Lumeng L, Schenker S, Li T K, Brashear R E, Compton M C
J Lab Clin Med. 1984 Jan;103(1):59-69.
This study was undertaken to characterize the metabolic fate of plasma pyridoxal 5'-phosphate (pyridoxal-P), the role of various organs in mediating its degradation, and the contribution of urinary excretion. Anesthetized dogs underwent sham operation, hepatectomy, nephrectomy, or combined surgical removal of the stomach, small intestine, and the spleen; however, the kinetics of plasma pyridoxal-P clearance after the intravenous administration of 2.5 mg of this B6 vitamin were not altered. In anesthetized sham-operated dogs and in unanesthetized dogs, pyridoxal (product of pyridoxal-P hydrolysis) but not 4-pyridoxic acid (oxidation product of pyridoxal) accumulated in plasma and urine after pyridoxal-P administration. Urinary excretion of pyridoxal-P was negligible and it could not account for the rapid clearance of pyridoxal-P from the plasma. The rate of pyridoxal-P hydrolysis mediated by plasma alkaline phosphatase and the cellular elements in whole blood in vitro was also too slow to account for the rapid disappearance of plasma pyridoxal-P in vivo.
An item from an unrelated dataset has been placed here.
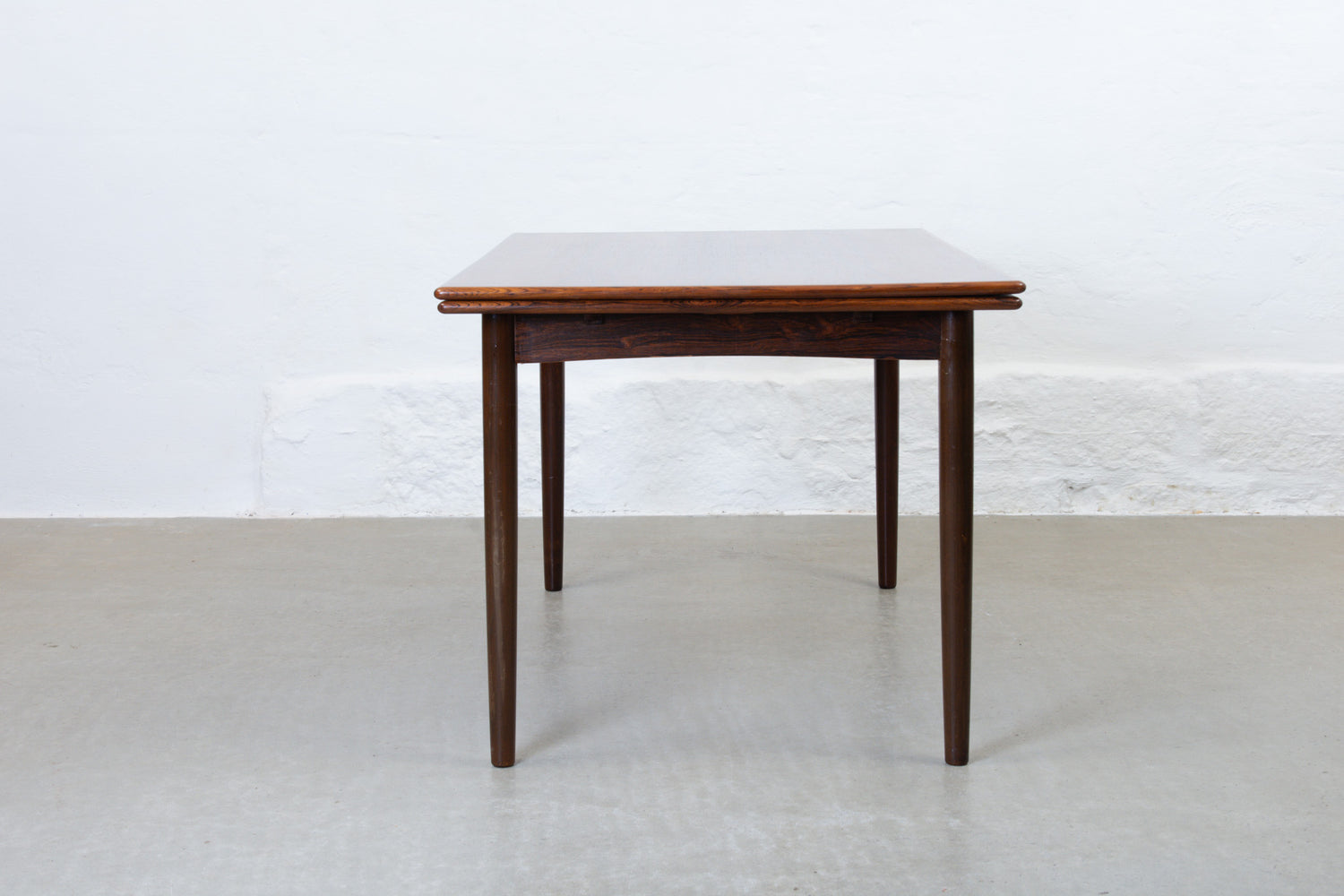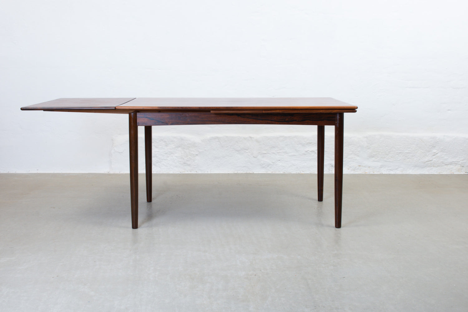 Extending dining table in rosewood with two hidden pull-out extension leaves. Sits six normally and up to ten comfortably when fully extended.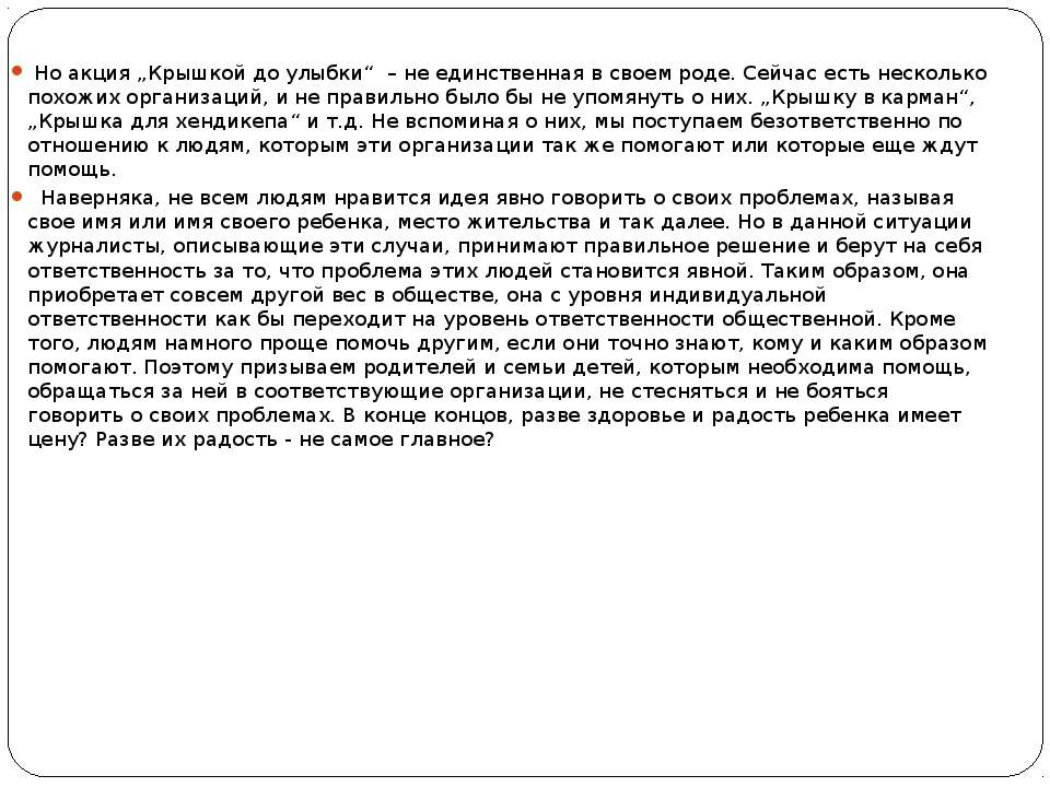 Текст слайда: Но акция „Крышкой до улыбки“ – не единственная в своем роде. Сейчас есть несколько похожих организаций, и не правильно было бы не упомянуть о них. „Крышку в карман“, „Крышка для хендикепа“ и т.д. Не вспоминая о них, мы поступаем безответственно по отношению к людям, которым эти организации так же помогают или которые еще ждут помощь. Наверняка, не всем людям нравится идея явно говорить о своих проблемах, называя свое имя или имя своего ребенка, место жительства и так далее. Но в данной ситуации журналисты, описывающие эти случаи, принимают правильное решение и берут на себя ответственность за то, что проблема этих людей становится явной. Таким образом, она приобретает совсем другой вес в обществе, она с уровня индивидуальной ответственности как бы переходит на уровень ответственности общественной. Кроме того, людям намного проще помочь другим, если они точно знают, кому и каким образом помогают. Поэтому призываем родителей и семьи детей, которым необходима помощь, обращаться за ней в соответствующие организации, не стесняться и не бояться говорить о своих проблемах. В конце концов, разве здоровье и радость ребенка имеет цену? Разве их радость - не самое главное?

These results indicate that (1) normally, the overall capacity of the body to hydrolyze circulating pyridoxal-P in plasma is so large that removal of the liver, kidneys, or the intestinal tract and spleen has little or no effect on the rate of plasma pyridoxal-P decay; and (2) plasma pyridoxal-P decay normally proceeds by way of hydrolysis to form pyridoxal. Because pyridoxal is not further oxidized by the liver and the amount of pyridoxal excreted in the urine accounts for less than 25% of the pyridoxal that can be derived from the injected pyridoxal-P load, the preponderant metabolic fate of plasma pyridoxal-P most likely involves its hydrolysis to pyridoxal and then the uptake of pyridoxal by extrahepatic tissues.
本研究旨在表征血浆中磷酸吡哆醛(pyridoxal-P)的代谢命运、各器官在介导其降解中的作用以及尿排泄的贡献。对麻醉的犬进行假手术、肝切除术、肾切除术或联合切除胃、小肠和脾脏;然而,静脉注射2.5mg这种维生素B6后,血浆中磷酸吡哆醛清除的动力学并未改变。在麻醉的假手术犬和未麻醉的犬中,注射磷酸吡哆醛后,血浆和尿液中积累的是吡哆醛(磷酸吡哆醛水解产物)而非4-吡哆酸(吡哆醛氧化产物)。磷酸吡哆醛的尿排泄量可忽略不计,且无法解释血浆中磷酸吡哆醛快速清除的现象。体外血浆碱性磷酸酶和全血细胞成分介导的磷酸吡哆醛水解速率也太慢,无法解释体内血浆中磷酸吡哆醛的快速消失。这些结果表明:(1)正常情况下,机体水解循环于血浆中的磷酸吡哆醛的总体能力非常大,以至于切除肝脏、肾脏或肠道及脾脏对血浆中磷酸吡哆醛的衰减速率几乎没有影响;(2)血浆中磷酸吡哆醛的衰减通常通过水解形成吡哆醛的方式进行。由于吡哆醛不会被肝脏进一步氧化,且尿中排泄的吡哆醛量占注射的磷酸吡哆醛负荷所产生的吡哆醛的比例不到25%,血浆中磷酸吡哆醛的主要代谢命运很可能是先水解为吡哆醛,然后被肝外组织摄取。